#### [Task instructions]
Please write out exactly the line containing "Die Besonderheit des" below and every line after it, through the last one, but leave out any pictures.

++++ Supplied material

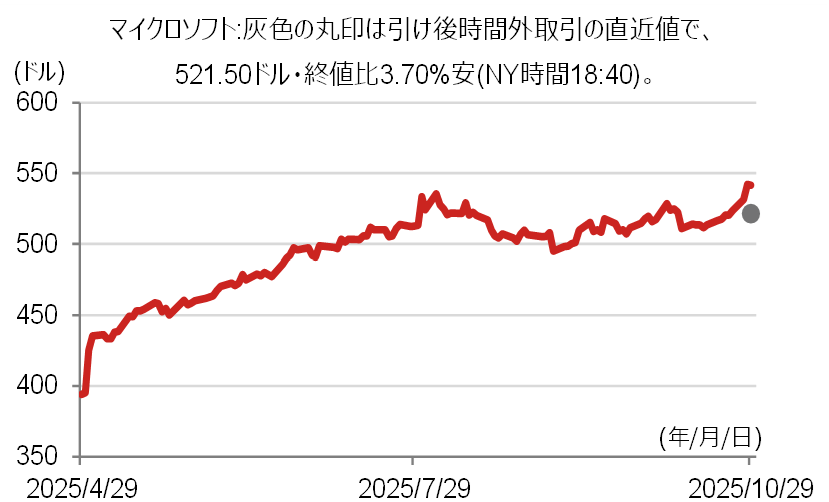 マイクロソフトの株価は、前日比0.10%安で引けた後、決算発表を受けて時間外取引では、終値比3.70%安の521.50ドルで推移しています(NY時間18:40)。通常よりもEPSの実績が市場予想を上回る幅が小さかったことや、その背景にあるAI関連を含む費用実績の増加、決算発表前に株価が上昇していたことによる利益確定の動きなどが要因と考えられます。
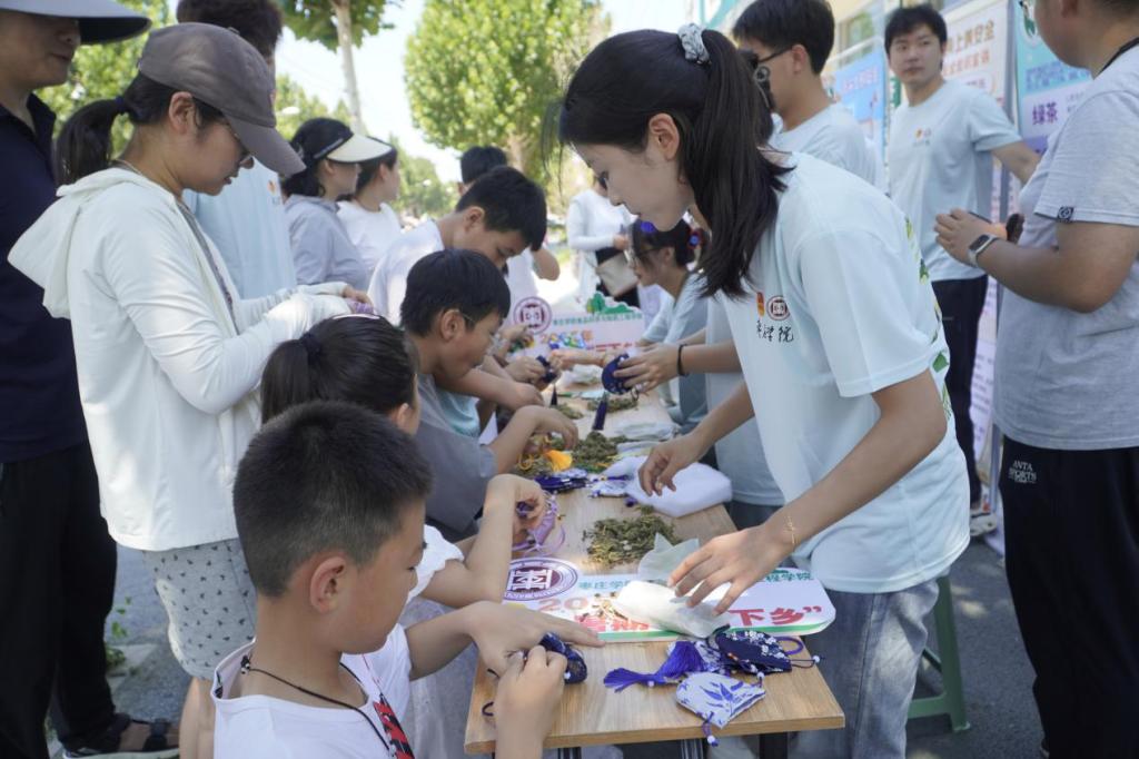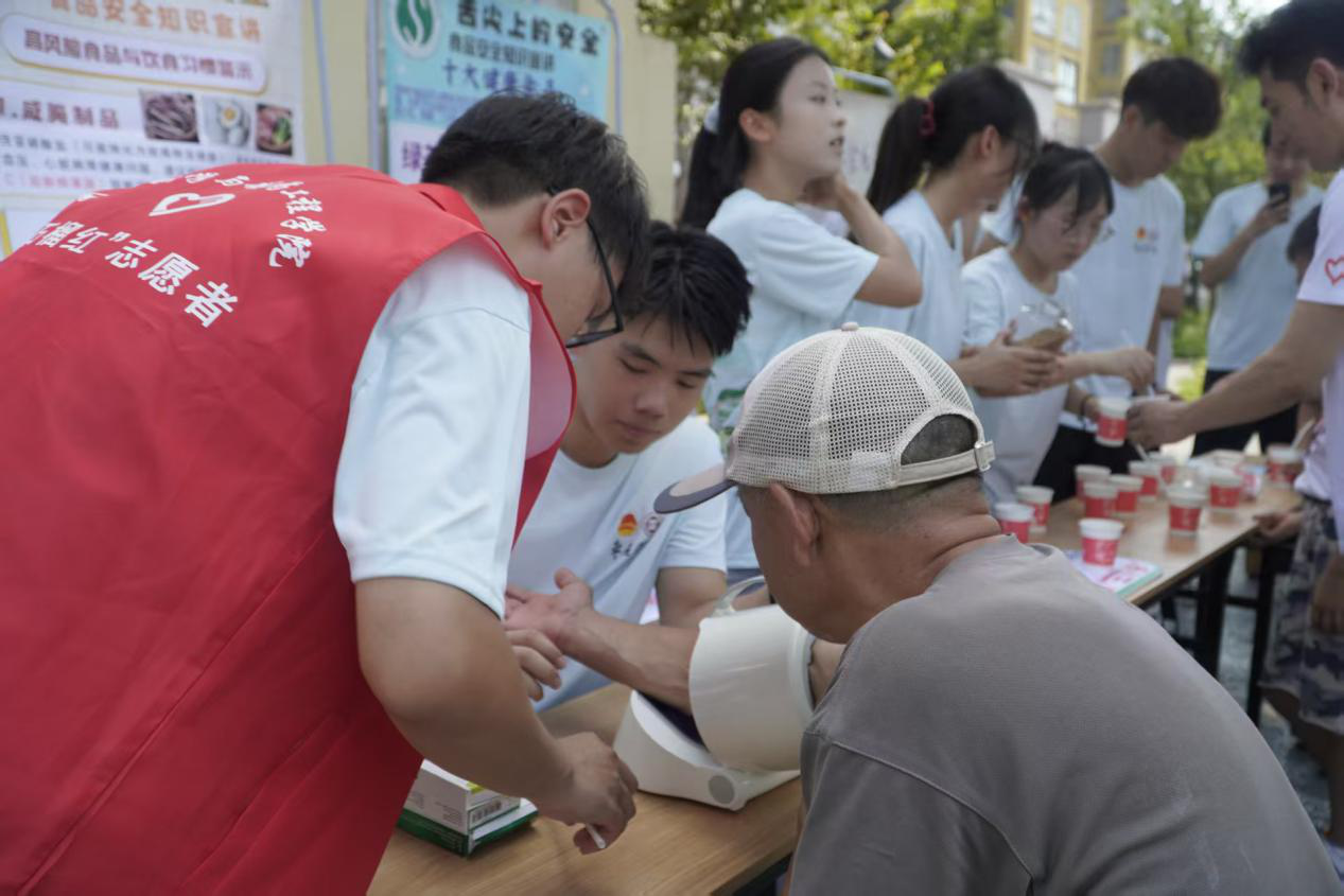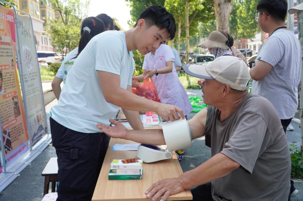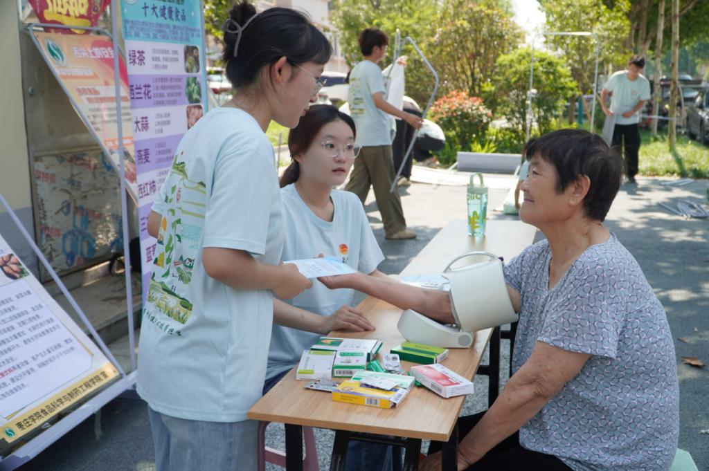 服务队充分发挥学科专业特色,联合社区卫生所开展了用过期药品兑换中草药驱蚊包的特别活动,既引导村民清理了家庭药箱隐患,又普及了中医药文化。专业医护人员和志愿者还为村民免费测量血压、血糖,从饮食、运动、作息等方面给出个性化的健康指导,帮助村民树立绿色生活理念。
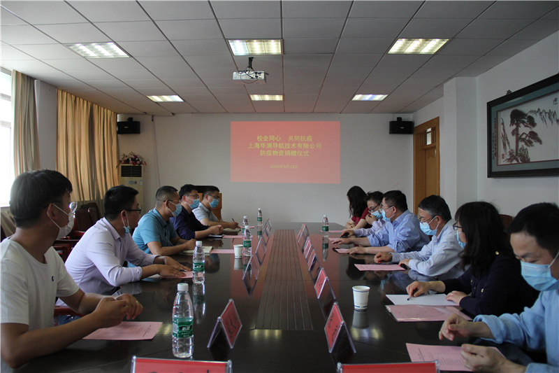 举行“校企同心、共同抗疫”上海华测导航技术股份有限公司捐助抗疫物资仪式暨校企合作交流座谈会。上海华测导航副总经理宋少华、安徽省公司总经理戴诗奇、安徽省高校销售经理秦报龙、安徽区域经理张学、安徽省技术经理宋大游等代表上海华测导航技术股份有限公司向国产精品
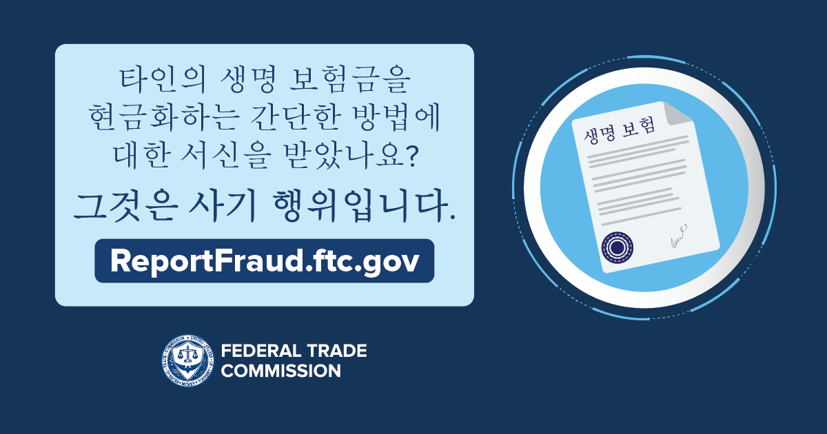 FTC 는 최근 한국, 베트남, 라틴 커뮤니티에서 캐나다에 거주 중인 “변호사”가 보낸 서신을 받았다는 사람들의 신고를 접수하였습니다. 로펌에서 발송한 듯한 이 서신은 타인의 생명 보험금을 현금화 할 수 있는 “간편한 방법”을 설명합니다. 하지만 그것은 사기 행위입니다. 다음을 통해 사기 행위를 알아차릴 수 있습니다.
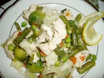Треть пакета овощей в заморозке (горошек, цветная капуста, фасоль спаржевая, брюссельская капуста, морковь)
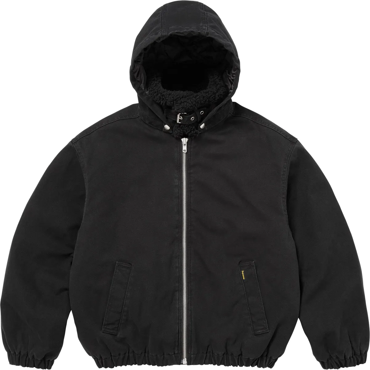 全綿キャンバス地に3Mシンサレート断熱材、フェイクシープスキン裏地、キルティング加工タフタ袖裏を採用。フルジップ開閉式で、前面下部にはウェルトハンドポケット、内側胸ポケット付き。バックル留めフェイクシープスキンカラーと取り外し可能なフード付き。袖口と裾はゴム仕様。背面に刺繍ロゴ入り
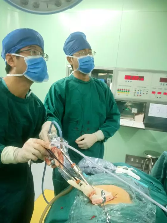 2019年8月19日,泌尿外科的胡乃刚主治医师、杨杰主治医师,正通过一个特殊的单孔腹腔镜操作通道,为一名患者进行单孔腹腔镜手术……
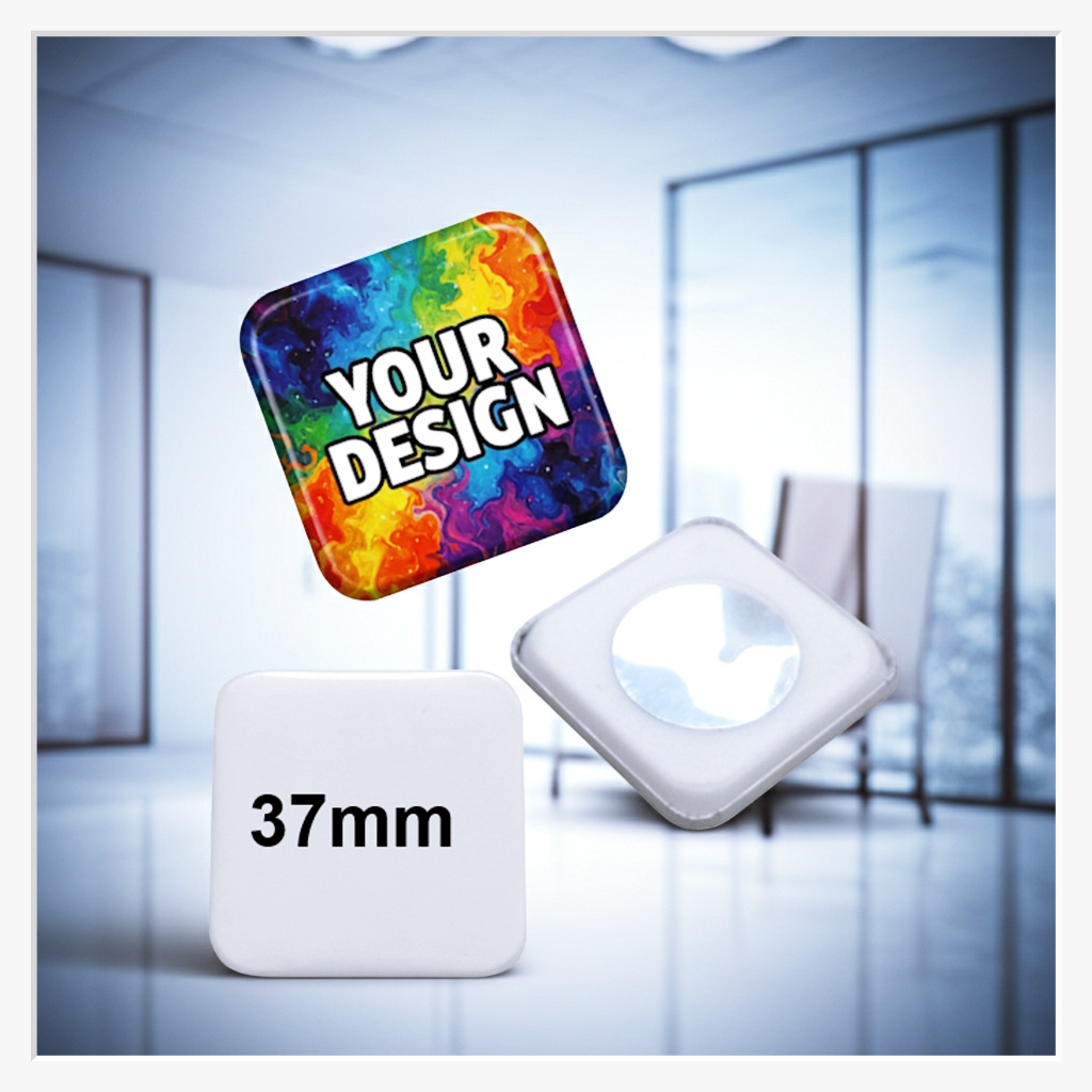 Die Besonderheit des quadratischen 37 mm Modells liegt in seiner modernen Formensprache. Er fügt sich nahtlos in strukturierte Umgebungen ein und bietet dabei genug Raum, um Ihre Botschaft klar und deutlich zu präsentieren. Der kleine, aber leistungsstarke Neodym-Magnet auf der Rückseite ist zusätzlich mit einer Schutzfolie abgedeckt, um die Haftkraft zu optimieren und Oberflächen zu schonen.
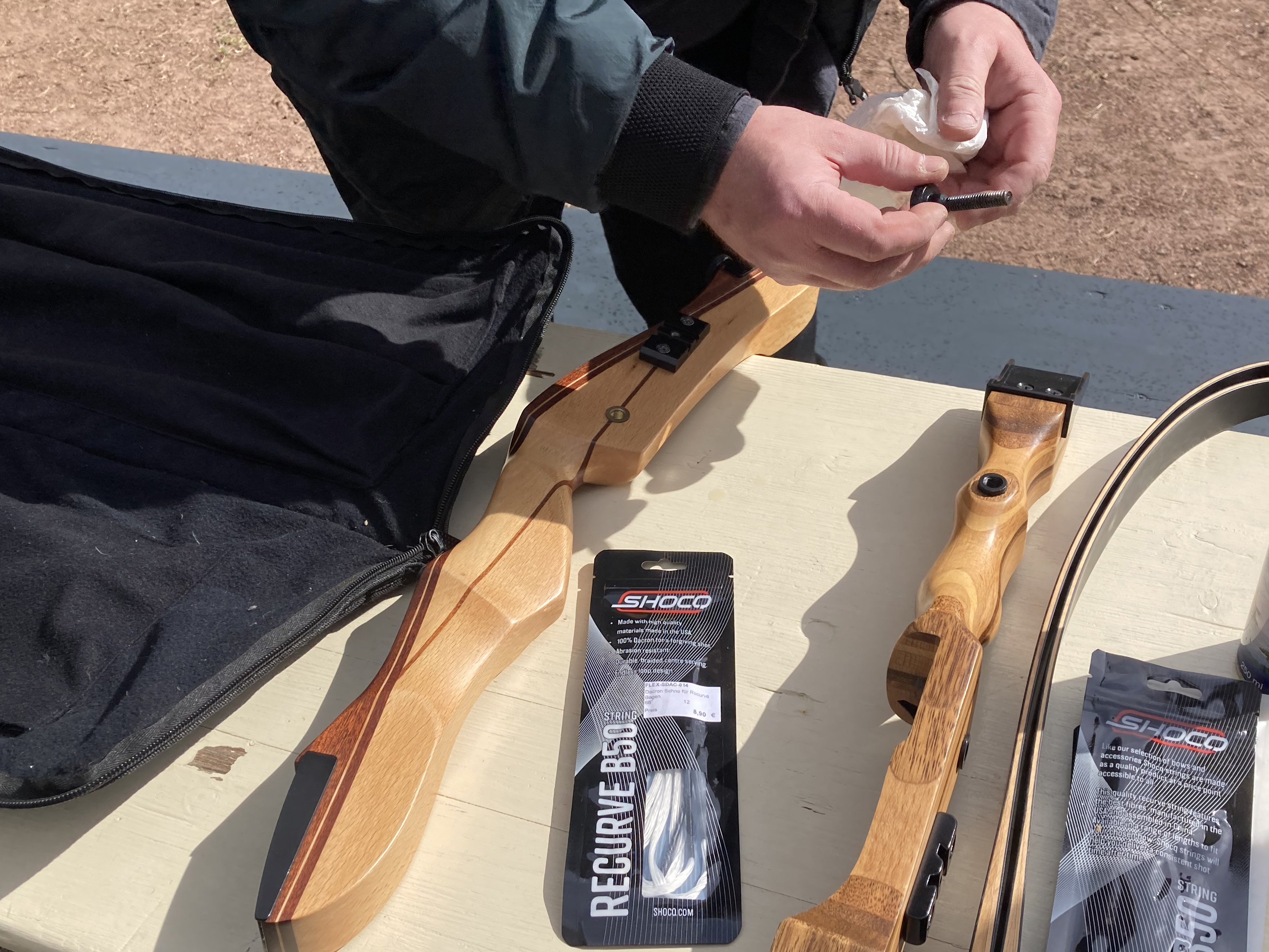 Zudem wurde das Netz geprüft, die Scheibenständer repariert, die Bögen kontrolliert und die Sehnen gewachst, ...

++++++++

#### [Result of the task]
 Die Besonderheit des quadratischen 37 mm Modells liegt in seiner modernen Formensprache. Er fügt sich nahtlos in strukturierte Umgebungen ein und bietet dabei genug Raum, um Ihre Botschaft klar und deutlich zu präsentieren. Der kleine, aber leistungsstarke Neodym-Magnet auf der Rückseite ist zusätzlich mit einer Schutzfolie abgedeckt, um die Haftkraft zu optimieren und Oberflächen zu schonen.
 Zudem wurde das Netz geprüft, die Scheibenständer repariert, die Bögen kontrolliert und die Sehnen gewachst, ...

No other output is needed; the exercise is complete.